Cuts in public services don’t eliminate demand—and it is a demand that Iris Lav, deputy director of the Center on Budget and Policy Priorities (CBPP), expects to increase as baby boomers retire.
“I worry that with the low savings rate and decline in [employer-provided] defined-benefit pensions there are going to be a lot of people who need a lot of help from state government,” Lav said at CBPP’s 14th annual state fiscal policy conference, Nov. 13-14 in Bethesda, Md. But “demographics is not necessarily destiny. It depends on what we do about it and when we do it.”
As a union of public employees at every level of government, AFT members have a vested interest in public policy decisions, including tax policy.
After all, the outcomes affect your life both on the job and off. Policy decisions determine the resources available to do your job and to pay your salary and benefits. Policy decisions also affect the quality and types of public services available to support your community.
It takes money to run government, though; and despite healthy growth in state revenues over the past year, experts say state and local governments are going to be hard-pressed in 2007 to meet public need for services.
The problem is largely two-fold: regressive tax systems that don’t provide a steady stream of revenue and the federal budget deficit. These issues were the focus of the CBPP conference, which attracted nearly 300 participants, including more than a dozen members of the AFT Public Employees budget crisis task force who represent AFT Public Employees locals across the country.
The resounding message from two days of workshops and plenary sessions was that progressive tax reform must be a public policy priority if the nation’s public services needs are going to be met tomorrow.
“Survival,” Lav said, “equals a strong tax system.”
Regressive, proportional and progressive taxes
From 1994 to 2003, state tax systems became more regressive, said Noah Berger, executive director of the Massachusetts Budget and Policy Center (www.massbudget.org), who attributed the backslide to sales and excise tax increases legislatures enacted to fill budget gaps starting in 2001.
“From a fairness perspective, there are three broad types of taxes,” according to the Institute on Taxation and Economic Policy (www.itepnet.org). “A regressive tax makes middle- and low-income families pay a larger share of their incomes in taxes than the rich. A proportional tax takes the same percentage of income from everyone. A progressive tax makes the wealthy pay more of their income in taxes than those with lower incomes.”
Regressive taxes include, for example, property, sales and excise taxes, because lower-income individuals use a higher share of their income to pay these taxes. A proportional tax would be a flat-rate income tax.

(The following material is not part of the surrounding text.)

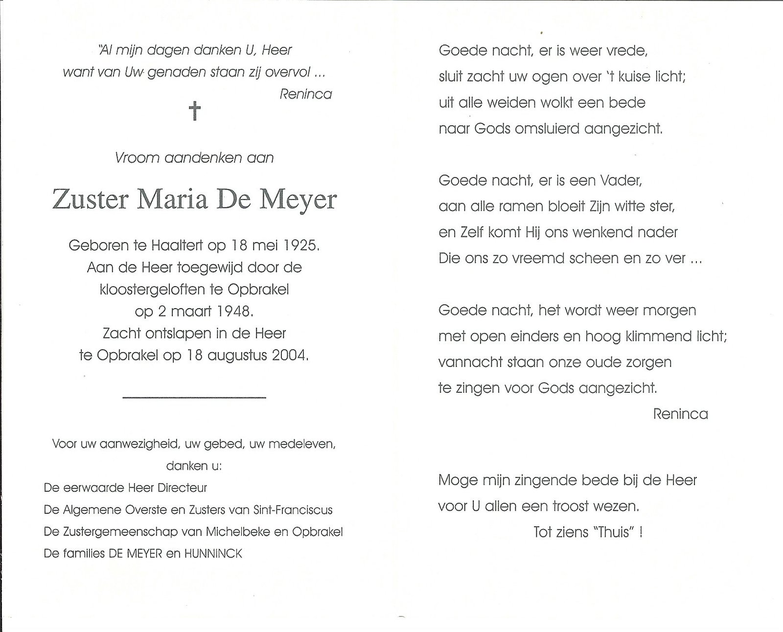 | De Meyer Maria, Zuster Maria | Haaltert | 18/05/1925 | Opbrakel | 18/08/2004 |

And a progressive tax would be a graduated personal income tax structure, including a “millionaire’s tax” like those enacted in California and New Jersey.
States with the most regressive tax systems include Arizona, Illinois, Pennsylvania and Washington, said Matt Gardner, director of state tax policy at ITEP. The cause: Arizona relies heavily on sales and excise taxes for revenue; Illinois has a flat income tax rate; Pennsylvania has a flat income tax rate combined with a heavy reliance on sales and excise taxes; and Washington has a narrowly based income tax combined with a heavy reliance on sales and excise taxes.
Other states where AFT Public Employees members live with flat or effectively flat income tax rates—because the top bracket is so low that most taxpayers fall into it—include Colorado, Indiana and Maryland.
Overall, most state tax systems take a greater share of income from middle- and low-income families than from wealthy families, Gardner said.
Nationwide, the lowest-income families pay nearly 11 percent of total income in income, property, and sales and excise taxes, Gardner said, compared with the wealthiest 1 percent of families, who pay less than 8 percent of total income in income, property, and sales and excise taxes.
“The more you earn, the less you pay as a share of income,” Gardner said. “For most people, this is not what fairness means.”
The revenue pie: Where does the money come from?
More than half of state and local revenues comes from taxes and licensing fees; one-quarter comes from a variety of sources including university tuition, sewerage fees, state and county hospital charges, and net lottery proceeds; and one-quarter comes from federal aid—but that amount is on the decline.
Under the Bush administration, Congress has been a willing accomplice to cutting federal aid to states; and, as a result, states are left with difficult choices: cut services, make up the federal funding shortfall or raise taxes.
The combined federal-state fiscal outlook is precarious moving forward between the federal budget deficit and state tax system structures that fail to generate adequate revenue.
According to the CBPP, 24 states face budget deficits for fiscal year 2007 and beyond, including Connecticut, Illinois, Maine, Maryland, New York, Ohio and Wisconsin.
The reasons vary, ranging from use of one-time funding sources or surpluses to fund ongoing tax cuts or expenditure increases, to already-enacted tax cuts that are being phased in over a number of years, to underfunding state pension obligations as a way to balance operating budgets.